Time-Series LIDAR and Camera Fusion with Structured Variational Inference


At a glance

Single-frame-based methods for LIDAR and camera fusion have been widely explored and developed in the last two years with significantly improved accuracy for 3D object detections. However, the multi-frame time-series information in historical data was not well exploited in deep neural networks (DNN) for sensor fusion. In fact, introducing time series has great potential in increasing the accuracy of not only 3D detection, but also tracking and prediction with properly designed association. Moreover, the consistent features from different sensors in multiple frames make it possible to overcome the spatial and temporal mismatch of different sensors in a single frame caused by the errors in calibration and synchronization. Therefore, we propose to introduce time-series data into the camera and LIDAR fusion network. In order to enhance the interpretability of the fusion and incorporate the domain knowledge, we propose a structured variational inference architecture for the combination of the flexible deep learning method and structured Bayesian priors.

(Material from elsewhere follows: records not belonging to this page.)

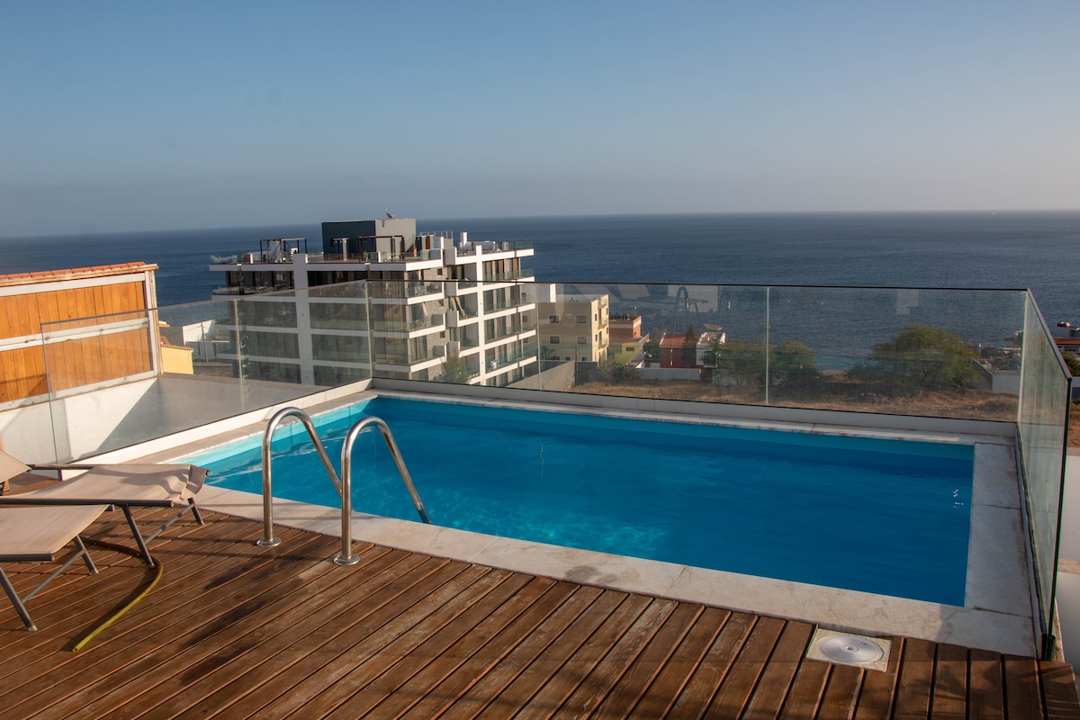 ⭐️Magnifique Duplex avec Piscine Privée et Vue Panoramique - Palmarejo Grande Découvrez ce superbe duplex, flambant neuf, situé à Palmarejo Grande, dans la capitale dynamique de Praia (Cap-Vert). Niché au cœur d’une résidence privée, ce logement combine confort, modernité et emplacement idéal. À seulement 5 km de la mer et du centre-ville (restaurants, centre commercial, clinique privée, transports en commun accessibles), il se trouve également à 9 km de l’Aéroport International Nelson Mandela.
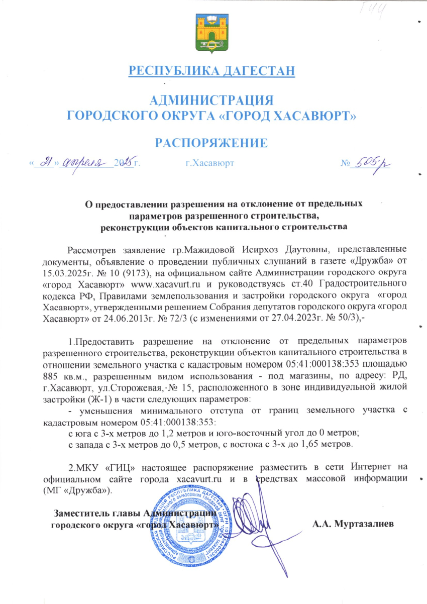 Распоряжение от 21 апреля 2025 г. № 505-р О предоставлении разрешения на отклонение от предельных параметров разрешенного строительства, реконструкции объектов капитального строительства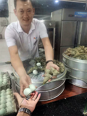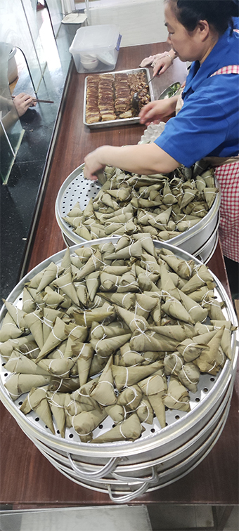 中午每位員工吃著可口的粽子、鹽蛋,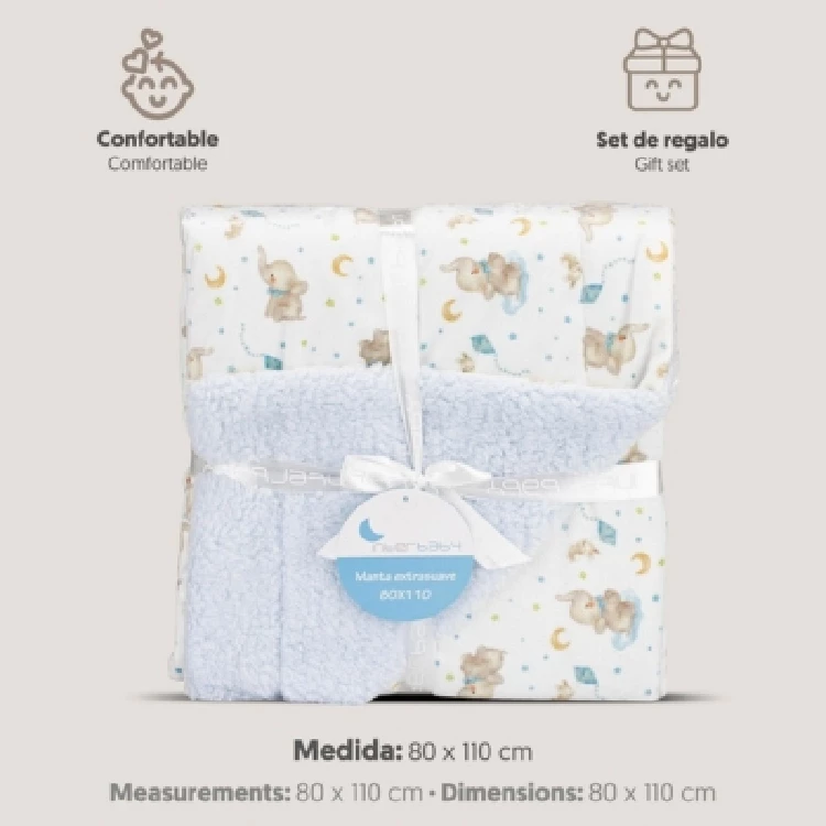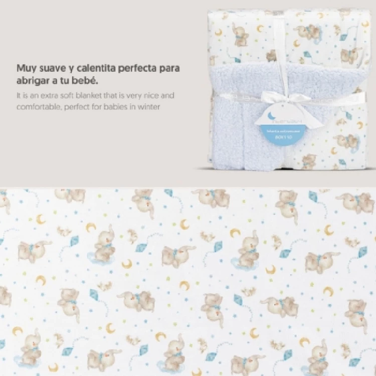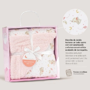 Manta bebe Interbaby 920Modelo extra suave de sherpa, con estampado de elefantesPresentación: Caja individual con asaColor: Rosa y AzulTallas: Única (80x110 cm)Composición: 100% Poliéster

Challenges and Technical Approach
There are several technical challenges in time-series camera and LIDAR fusion.
(1) Constructing interpretable dynamical structure to the network while keeping the training pipeline end-to-end. Recurrent neural network (RNN) is commonly used to process time-series data. However, the state space of RNN is usually very high-dimensional and the network is not interpretable. The variational autoencoder (VAE) is well-known to be capable of encoding high-dimensional observations to low-dimensional latent variables. Dynamics of low-dimensional states can be propagated through probabilistic graphical models (PGM) to utilize Bayesian priors such as dynamic models and finite state machines. Instead of RNN, the whole architecture becomes an observer with structured low-dimensional dynamics and normal DNN. The training of the whole architecture is addressed by some previous work such as Deep Kalman Filter and structured variational inference algorithms.
(2) Introducing the spatial context information extracted from LIDAR and high-definition (HD) map to the network. For the PGM utilizing Bayesian priors such as dynamic models and finite state machines, separated manifolds for different scenarios need to be constructed from spatial context information. We propose to employ a manual supervision on the context by splitting its behavior into manifolds indexed by the context.
(3) Modeling PGM that is tractable to learn flexible representation in order to deal with various situations. PGM is powerful for building structured representation and efficient inference. However, it often relies on rigid assumptions which makes it not suitable for inferencing in high-dimensional space. Algorithms for PGM such as message passing or junction theories will be investigated to find the most appropriate model that can fully exploit the power of PGM.

Related Prior Work
(1) With the last year’s effort in this project, approaches for 3D object detection based on camera and LIDAR fusion were proposed by our research group. The sparse non-homogeneous pooling layer was developed to efficiently fuse the whole camera and LIDAR feature maps from different views. Various kinds of one-stage detection networks based on YOLO and RetinaNet were designed and tested with simpler structure and faster speed than other fusion-based networks. The 3D localization performance was of the highest tier on KITTI dataset.
(2) A method to handle a traffic-light-passing scenario was designed based on hierarchical reinforcement learning (HRL). Further research introduced a supervision method that splits the behavior into manifolds indexed by the context, while normal training learns a uniform pattern of behavior regardless of different context information.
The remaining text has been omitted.